If the ultimate sense of the word 'creation' is to bring into being with absolute freedom—without any limits or censorship of any kind—it is also true that giving order, a form, to the fruit of inventiveness does not always harm the final product or impoverish it. In some cases, even in music, one can indeed affirm the opposite: how many artists owe the success of their work to the intervention of an external "agent" who—with professionalism and, when necessary, detachment—weaves the threads of a discourse that could risk foundering in solipsism? Often, it is the arduous task of the producer—a sometimes overlooked but fundamentally important figure for works of melodic ingenuity. Then, when this singular character—who is often, and mistakenly, relegated to the mere economic sphere of the music discourse—engages in sound experiments himself, so much the better for the cause of art and its outcomes.

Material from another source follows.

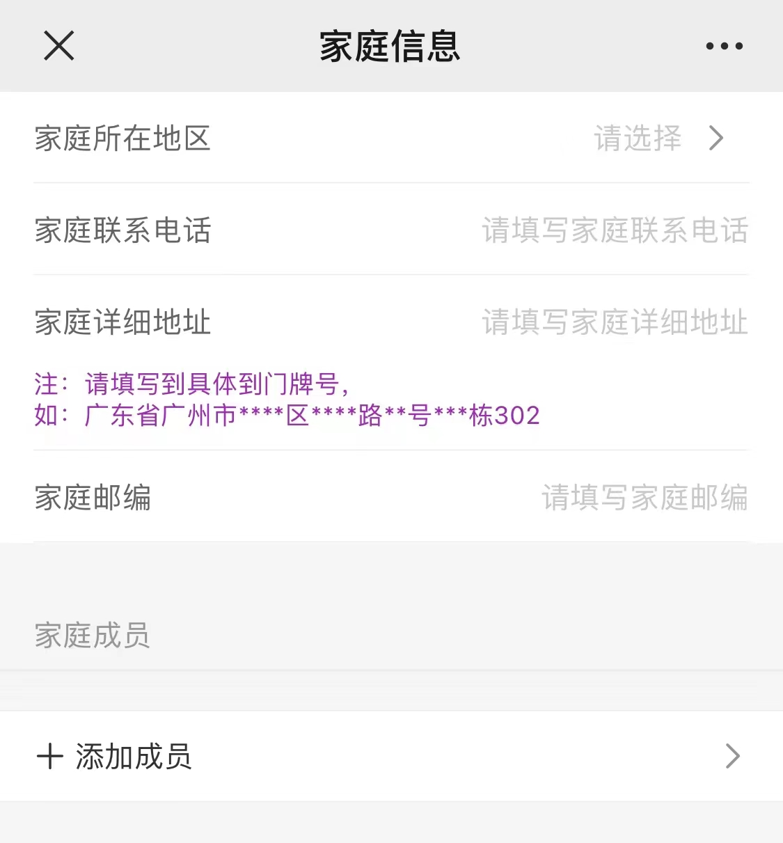 (一)完善家庭详细地址等。学生家庭信息是反映学生家庭经济情况的重要信息,请同学在【家庭信息】完善家庭联系信息,家庭详细住址务必填写完整和规范,填写格式为“省(直辖市、自治区)+市(地区、州、自治州、盟)+县(市、区、自治县、旗、自治旗)+镇(乡、街道、民族乡)+村(道路、小区、房号等)”。

"Genius and recklessness": the expression seems to fit well for types like Todd Rundgren. But only if you extend the semantic range of the first term, compelling it into an elementary bifurcation of meaning: as brilliant in giving a definitive shape to the works of others as he is unpredictable, crazy, experimental in beating his own singer-songwriter path. As obsessive in fulfilling his role as supervisor/producer (one for all: the masterpiece of XTC "Skylarking"—for which our man almost came to blows with the equally meticulous, as well as enlightened, Andy Partridge) as he is uncontrollable in the proposition of his untamed eclecticism. This latter disposition is a bit of a double-edged sword: whereas it sometimes—in its more 'glam' outcomes—leads Todd into the depths of a creative anarchy that is difficult to access and enjoy, elsewhere it flows into masterpieces of astounding innovative charge and consequent historical importance.
This is undoubtedly the case of "Something/Anything?" (1972)—a double and unparalleled output from a mind in continuous search of the sensational. A quest that employs all possible means to reach the goal, not least a superhuman attitude that manifests itself—in three of the four phases of the work—in Todd’s multi-instrumentalism. Listing the genres covered risks the "grocery list" effect: only a madman could manage to juxtapose with such ease Beatlesque pop psychedelia ("I Saw The Light", "It Takes Two To Tango") with electronic experiments with a 'black' scent ("Breathless"), powerful rock divagations in sixties style ("Couldn't I Just Tell You") and fiery R'n'B ("Wolfman Jack") with colorful Latin interludes ("One More Day"). The blues peeks through where the most restless (and lazy) soul of the composer is revealed ("I Went To The Mirror"), but there's also room for sublime cabaret digressions ("The Night The Carousel Burnt Down") and dizzying slow songs ("Torch Song", "Cold Morning Light"). The soul ballads are extraordinary: "It Wouldn't Have Made Any Difference", "Sweeter Memories", "Hello It's Me", the superb "Dust In The Wind" alone would make the journey in a compositional tour de force capable, at the height of 1972, of making three quarters of his fellow musicians pale. But so much can—in a state of grace—the clarity of a mad mind. From the name it proudly bears, "Something/Anything?" is a monument to the possibility of making music without limits, a work that exudes daring and inventiveness from every pore, an ideal destination for any spirit that seeks its path to freedom in melodic creation.